01 de agosto de 2006
Transamérica (2005), de Duncan Tucker, apresenta a seu público dois temas complicados de expor em imagens cinematográficas, primeiramente trata do assunto da dupla sexualidade de um indivíduo que, tendo nascido homem, se sente como mulher e, passando pelos diversos estágios nas mãos de médicos e psicólogos, decide submeter-se a cirurgia de troca de sexo; o segundo assunto, a relação entre um pai e seu filho se inseriria naqueles jogos de descobertas e conflitos como Estrela solitária (2005), do alemão Wim Wenders, e Uma nova vida (2005), do norueguês Hans Petter Moland, se estas descobertas e estes conflitos não fossem exacerbados pelo fato de o pai conter em si a figura duma mãe (o filho foi produto duma escapada heterossexual do atual transexual). O problema central de Transamérica –que é uma narrativa digna e honesta, que merece uma ida ao cinema—é sua encenação mais ou menos convencional para um universo de seres que perturbam a sociedade normal, é o grau de normalidade de sua dramaturgia que busca referir-se às provocações de anormalidade de um determinado mundo social; faltou a Transamérica entregar-se com mais liberdade à anormalidade de seu tema, faltou sangue e fúria à realização de Tucker.

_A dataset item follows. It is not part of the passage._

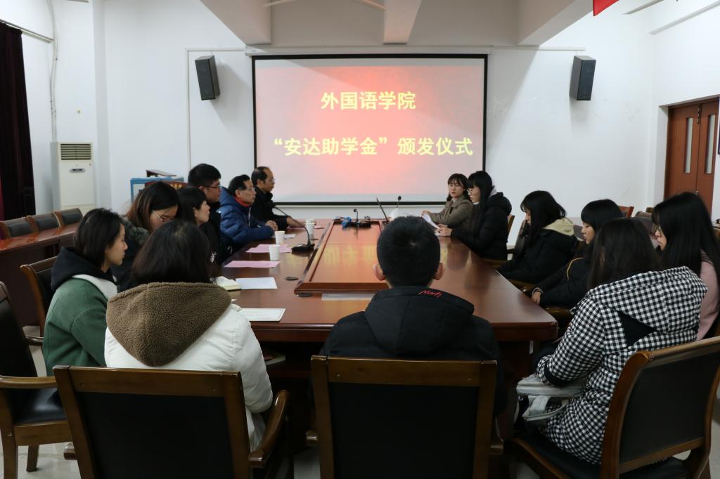2019115日下午15:30江南大学江南在线学院“安达助学金”颁发仪式在江南在线学院楼会议室A349举行。学院党委书记黄城芳、党委副书记刘伯贤、负责学生资助工作辅导员张圆、英语1701班班主任胡燕萍、无锡滨湖安达汽车综合性能检测有限公司陈志刚先生,以及获助学金的10位同学出席仪式。仪式由院分团委副书记张圆主持。

Menos mal que a atriz Felicity Huffman na pele do transexual é um dos achados interpretativos do ano, ela carrega quase tudo o que o filme tem de bom colado em seu corpo, a provocação, a descontração, a irreverência, a emotividade transbordantemente ferida. Ao contracenar com as intervenções pouco inventivas de Kevin Zegers como o garoto extraviado do passado enviesado da figura transexual, a volúpia interpretativa de Felicity revela à luz da imagem a dissonância de notas dos intérpretes, algo semelhante ao que ocorria em La Luna (1979), do italiano Bernardo Bertolucci, entre Jill Clayburgh e Mathew Barry; mas Ducker está muito longe da genialidade de Bertolucci em extrair dum problema achados estilísticos para inovar no cinema.
Como se vê, pode-se ser duro com Transamérica porque não rende tudo o que promete; mas de maneira alguma é uma película para se desprezar.